Page:Maurice Joly - Les Affames - E Dentu Editeur - 1876.djvu/119

Le texte de cette page a été corrigé et est conforme au fac-similé.

L’été sur la terrasse, et pendant l’hiver, dans l’intérieur, se rassemblaient par douzaines, mêlées à une quantité d’étudiants, ces filles vagabondes qui pullulent dans toute l’étendue du boulevard Saint-Michel et des rues adjacentes ; troupe errante, immense, lamentable, qui roule sans cesse ses flots débordés des caboulots du quartier Latin aux lupanars en plein vent du boulevard Montmartre.

Cette plaie purulente de la société parisienne, cette armée de la prostitution issue du prolétariat moderne, plus hideux que l’esclavage antique, confine de trop près aux mœurs de la bohême pour que nous puissions voiler entièrement ce triste tableau.

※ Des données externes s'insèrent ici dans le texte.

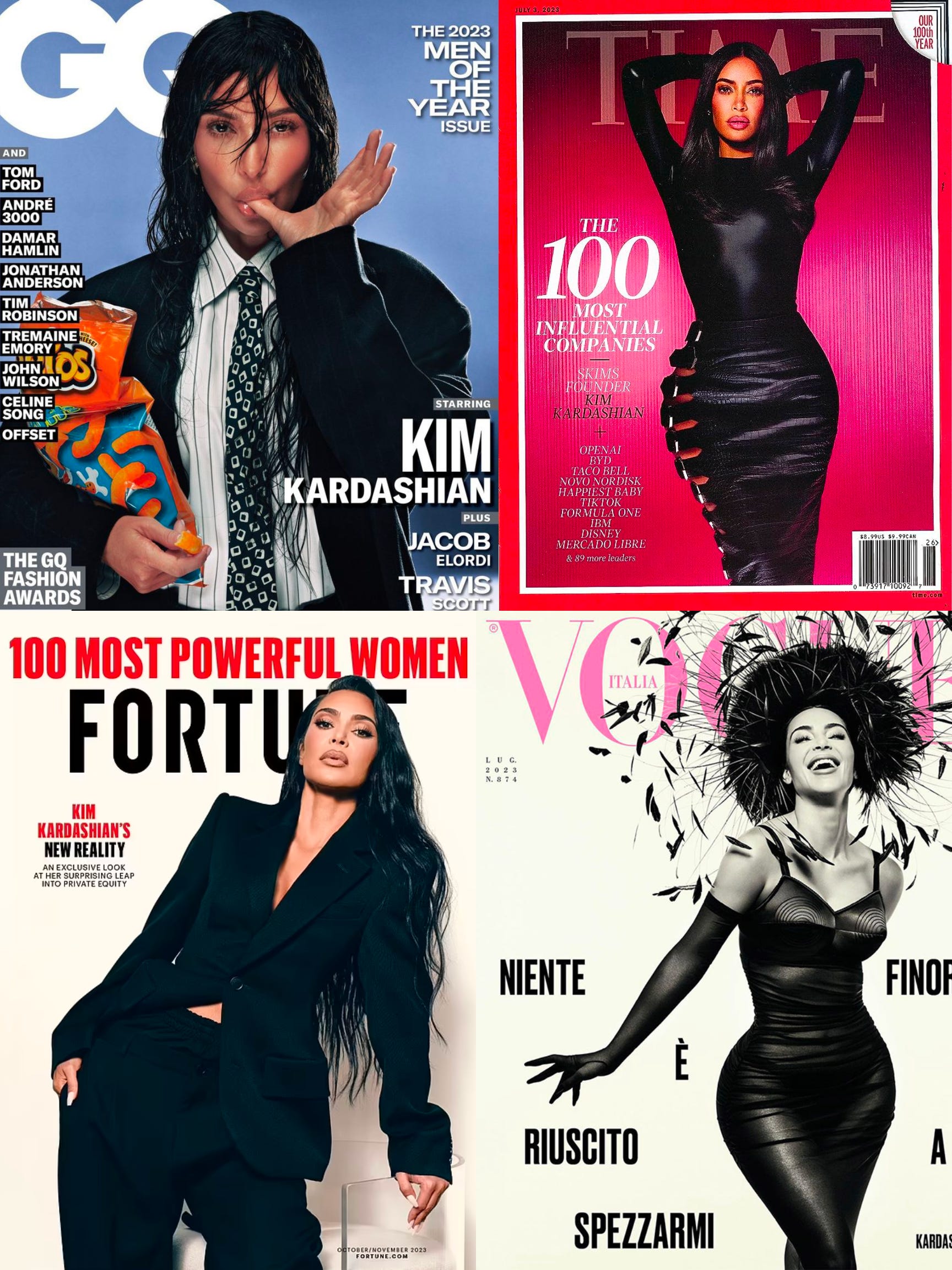 I took a look back at Kardashian’s 2023 to see if she had slowed down at all. And… she hasn’t. This year, she had sixteen major campaign and magazine cover moments, including:

Le café de la Renaissance (c’est le nom du café dont il s’agit) était, à cette époque, une des stations de cet immense itinéraire pornographique qui va du boulevard Saint-Michel au boulevard des Italiens. Il était comme qui dirait un des prolongements du café de Madrid, café essentiellement politique, que fréquentait beaucoup Cambrinus et où la rédaction du Barbare tenait quelquefois ses assises.

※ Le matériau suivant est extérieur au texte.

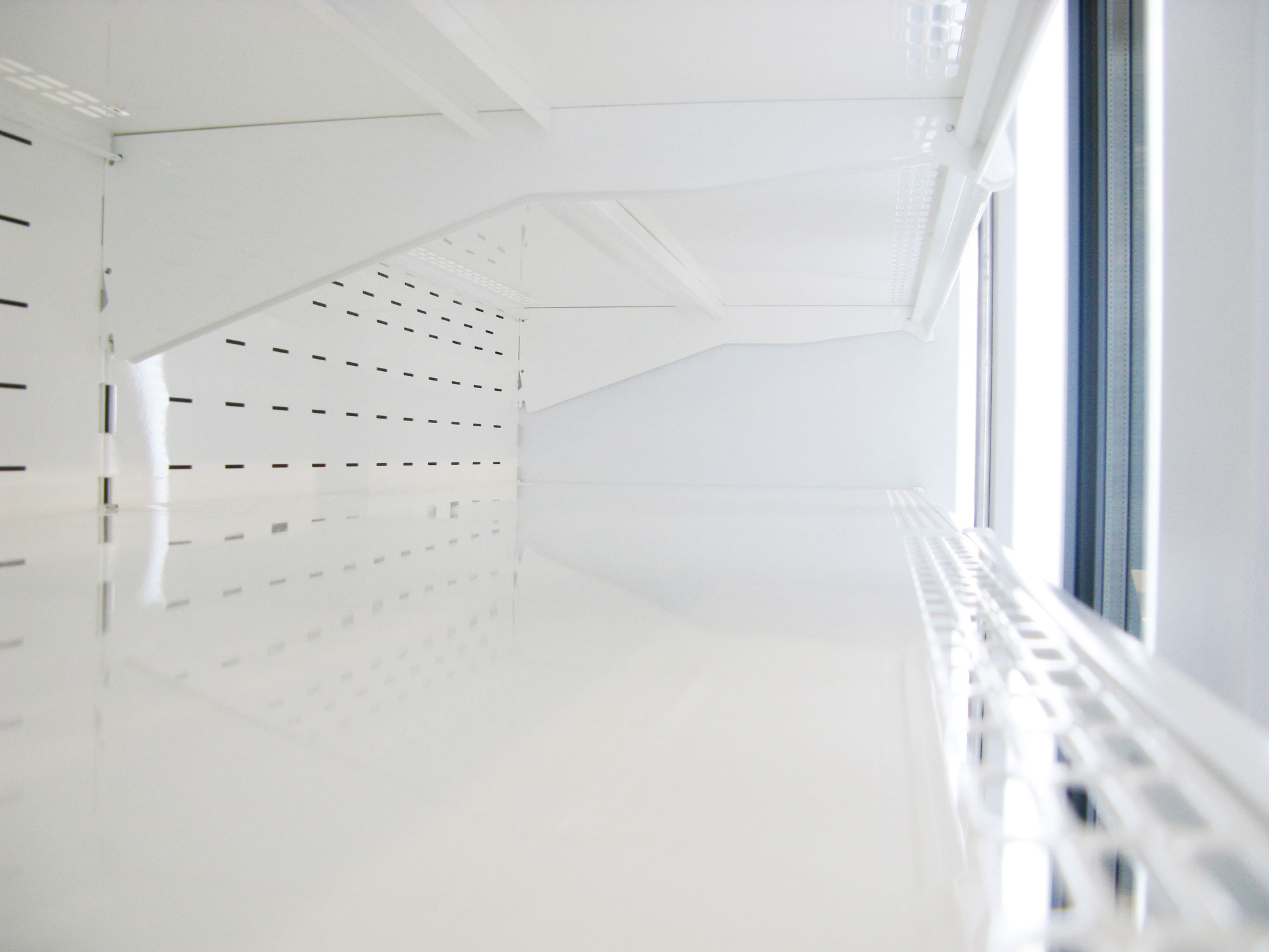 - Intérieur en acier plastifié blanc (noir en option), avec bords arrondis et fond

C’est dans ce milieu que vivait Karl. On le voyait côte à côte avec ses camarades, coudoyant les filles les plus affichées du bal Bullier, sans que jamais personne lui eût connu une maîtresse, sans que la pureté de ses mœurs eût jamais été troublée par le contact incessant de toutes ces femmes de hasard. Toujours distrait, toujours absorbé par une sorte de contemplation idéale, ayant vaincu les lazzis, les quolibets, les propos obscènes par l’indifférence mélancolique qu’il opposait à toutes les attaques, personne ne songeait plus à le tourmenter.